Bi mit Handicap

Beschluss der Mitgliederversammlung des BiNe e. V. am 08. April 2006 in Butzbach / Hessen

Förderung von Barrierefreiheit für Bisexuelle

Antragsteller:
RAR – RICHTIG AM RAND
Schwule, Lesben, Bisexuelle und Transgender mit Behinderung

Beschlusstext:

  1. Das Bisexuelle Netzwerk BiNe e. V. fördert die Teilhabe und Selbstbestimmung von bisexuellen Frauen und Männern mit Behinderung. Hierzu wirkt es mit bei der Schaffung von Barrierefreiheit in allen Bereichen des bisexuellen Lebens, insbesondere durch:
    a) Planung und Durchführung von Projekten, Webauftritten und Veranstaltungen, nicht ohne Prüfung, inwieweit dem Anspruch von behinderten Menschen auf Zugang und Nutzung zu genügen ist.
    b) Information und Werbung für Projekte, Webauftritte und Veranstaltungen, nicht ohne Angabe des vorfindbaren Grades der Barrierefreiheit.
  2. Das Bisexuelle Netzwerk BiNe e. V. verknüpft Kostenzusagen, auch an vereinsexterne Antragsteller, mit der ausdrücklichen Aufforderung, die oben genannten Vorgaben nach eigenem Ermessen umzusetzen.
  3. Barrierefrei sind gestaltete Lebensbereiche, wenn sie für behinderte Menschen in der allgemein üblichen Weise, ohne besondere Erschwernis und grundsätzlich ohne fremde Hilfe zugänglich und nutzbar sind.

Begründung:

Bisexuelle mit Behinderung sind „Doppelter Diskriminierung“ ausgesetzt. Barrieren verwehren ihnen den uneingeschränkten Zugang zu und die selbständige Nutzung von den für sie relevanten Lebens- und Erfahrungsräumen. Bloße Unkenntnis bezüglich möglicher Barrieren kann bereits Grund sein, das Aufsuchen von unbekanntem Terrain und die Teilnahme an Veranstaltungen zu vermeiden.

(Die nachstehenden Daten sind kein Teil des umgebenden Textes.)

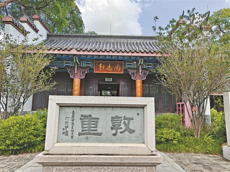 丰湖书院内可见清代惠州知府伊秉绶手书的“敦重”石刻拓片。

BiNe, das Bisexuelle Netzwerk e. V. , will Bisexuellen helfen, Barrieren zu überwinden, die dem Entdecken solcher Räume entgegenstehen. Es ruft hierfür Projekte, Webauftritte und Veranstaltungen ins Leben oder unterstützt entsprechende Initiativen Dritter. Es schafft erklärungsfreien Raum, eigenen Erlebens- und Empfindungsmöglichkeiten nachzuspüren.

BiNe e. V. kann durch die Umsetzung des Antrags baulichen, technischen und finanziellen Unwägbarkeiten zum Trotz dem Anspruch von Bisexuellen mit Behinderung auf Zugang und Nutzung entgegenkommen. Das Selbstbewusstsein der Betroffenen wird gestärkt. Vom Beschluss dieses Antrags kann eine Signalwirkung ausgehen für andere Akteure in der LSBT-Bewegung sowie in Behindertenverbänden.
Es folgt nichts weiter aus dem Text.